Lambang kekuasaan tertinggi yang dipegang Sultan dilambangkan dengan dua cara yaitu keris dan cap.
Tanpa keris tidak ada pegawai yang dapat mengaku bertugas melaksanakan perintah Sultan. Tanpa cap
tidak ada peraturan yang mempunyai kekuatan hukum.
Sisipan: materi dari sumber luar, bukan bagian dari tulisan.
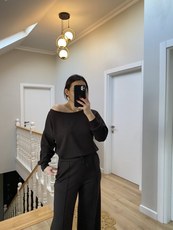 Kahverengi Kayık Yaka Modal Kumaş Takım
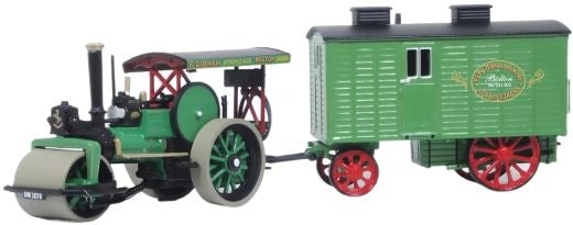 Fred’s Steam Roller is painted in bright green with a black roof, a clay brown roof underside and bright red features on the bodywork. His signage Fred Dibnah Steeplejack Bolton 30303 is printed in drop shadow work along the edge of the roof. As with all Oxford’s steam, vehicles, the detail is amazing with gold, silver, black, white, yellow and red used on cables, chains, struts, chimneys, belts and boiler to great effect. Fred’s steam roller is registered DM3079 and the Aveling & Porter crest sits proudly on the front of the black boiler. The road roller and wheel outers are given an olive grey finish while the roller and wheel inners are matt black. Fred named his machine Betsy and her name is printed in gold on black on both sides behind the tall black and gold chimney stack.

Peninggalan Kebudayaan(Arsitektur)
Peninggalan Kebudayaan

Kesusateraan
Sebagaimana daerah lain di Sumatera, beberapa cerita maupun legenda disusun dalam
bentuk hikayat. Hikayat yang terkenal diantaranya adalah Hikayat Malem Dagang yang
berceritakan tokoh heroik Malem Dagang dalam settingan penyerbuan Malaka oleh
Angkatan Laut Aceh. Ada lagi yang lain yaitu Bhikayat Malem Diwa, hikayat Banta
Beuransah, Gajah Tujoh Ulee, Cham Nadiman, hikayat Pocut Muhammad, hikayat
Perang Goempeuni, hikayat Habib Hadat, kisah Abdullah Hadat dan hikayat Prang Sabi.
Karya Agama
Para ulama Aceh banyak terlibat dalam karya di bidang keagamaan yang dipakai luas di
Asia Tengga. Syaikh Abdurrauf menerbitkan terjemahan dari Tafsir Alqur'an Anwaarut
Tanzil wa Asrarut Takwil, karangan Abdullah bin Umar bin Muhammad Syirazi Al
Baidlawy ke dalam bahasa jawi.
Kemudian ada Syaikh Daud Rumy menerbitkan Risalah Masailal Muhtadin li Ikhwanil
Muhtadi yang menjadi kitab pengantar di dayah sampai sekarang. Syaikh Nuruddin Ar-
Raniry setidaknya menulis 27 kitab dalam bahasa melayu dan arab. Yang paling terkenal
adalah Sirath al-Mustaqim, kitab fiqih pertama terlengkap dalam bahasa melayu.